Probably an easy fix, but I know nothing about Linux


----------



## TTL32 (Aug 11, 2006)

> *cwaring*
> ... it just starts the standard Tivoweb, even though I'm in the TWP directory.


That was my worry, which is why I asked if you can just install the TiVoWEB plus in another directory and run it or do you need to delete the TivoWEB directory first.


----------



## RichardJH (Oct 7, 2002)

Carl
the version I installed was from http://thomson.tivo.googlepages.com/TivoWebPlus and it seems ok to me apart from not being able to run hackman at present. But I reckon I am doing something wrong and I am sure someone will be along with the answer.


----------



## TTL32 (Aug 11, 2006)

Benedict said:


> As 6022tivo has said you need the replacemement UK specific ui.itcl file.
> 
> You can find the file (in Part 1) and the details of what to do with it (in Part 3) on Steve Conrad's excellent site....
> 
> http://www.steveconrad.co.uk/tivo/airnet2.html


Worked like magic, many thanks.

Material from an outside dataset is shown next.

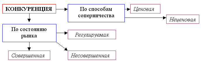 В данной схеме показана основная, самая популярная классификация: по состоянию рынка и по способам соперничества.

Now to try out some modules and, maybe TWP


----------



## JonnyD (Oct 1, 2001)

Carl

I recently installed this newer version of Tivoweb plus and I think it runs on port 8080 not 80. I had to modify the tivoweb.cfg file to use port 80.

John


----------



## cwaring (Feb 12, 2002)

I changed it to a very high non-standard port right after I installed it. The port is not the issue. The fact that it runs standard TW when I want to run TWP is


----------



## john1980 (Jun 17, 2004)

cwaring said:


> Hmmm. Just tried installing it myself, using the instructions on the main page here.


Use the version/instructions at http://thomson.tivo.googlepages.com/TivoWebPlus. If you have any problems then you should be able to find the problem in the log file (/var/log/tivoweb.log).

FYI: There are people running HackMan with the latest TWP but you will need to upgrade to the latest version of HackMan (found at http://www.tivohackman.com/) and you need to be aware that it now requires some manual configuration.


----------



## cwaring (Feb 12, 2002)

john1980 said:


> Use the version/instructions at http://thomson.tivo.googlepages.com/TivoWebPlus


Why that one specifically? The one I linked to is the _official_ version on program's homepage. Surely that should work okay? Besides, the instructions are basically the same anyway.

Not trying to be awkward, just wondering


----------



## RichardJH (Oct 7, 2002)

> originally posted by john1980
> FYI: There are people running HackMan with the latest TWP but you will need to upgrade to the latest version of HackMan (found at http://www.tivohackman.com/) and you need to be aware that it now requires some manual configuration.


I have tried installing the latest hackman to the latest TWP and have done the activating part on hackman but it does not show up in TWP.

However the same procedure putting hackman into TW works 

The latest version of TWP looks great and I am going to keep using it as it gives much better info on the todo and now playing screens.


----------



## john1980 (Jun 17, 2004)

cwaring said:


> Why that one specifically? The one I linked to is the _official_ version on program's homepage. Surely that should work okay?


The "official" version has many bugs and does not seem to be maintained. I am trying to get access to the sourceforge project so that it can be updated but am unable to get a response from the project administrators. The version I have been bundling has many additional features including an update facility.


----------



## john1980 (Jun 17, 2004)

RichardJH said:


> I have tried installing the latest hackman to the latest TWP and have done the activating part on hackman but it does not show up in TWP.


Have you had a look at /var/log/tivoweb.log? It will give you an indication of why it is not starting.


----------



## sanderton (Jan 4, 2002)

TWP has very few advantages for UK users; it handles dual tuners much better. Sigh.

Some older TW modules (many of mine) don't work with TWP.

Carl are you typing the full path in the command? Linux isn't like DOS, it doesn't assume the curreent directory in the same way.


----------



## cwaring (Feb 12, 2002)

sanderton said:


> Carl are you typing the full path in the command? Linux isn't like DOS, it doesn't assume the curreent directory in the same way.


Okay, thanks. Will give that a try.

YES! That sorted it! Thanks. Linux is strange


----------



## RichardJH (Oct 7, 2002)

Success

I had put the wrong sendkey into the bin-ppc directory. All is now working ok with hackman. TWP starts by default and hackman allows me to swap between TWP and TW on the fly.

I for one am very impressed with what john1980 and OzTivo have given us UK users.

Certainly worth giving it all a go.


----------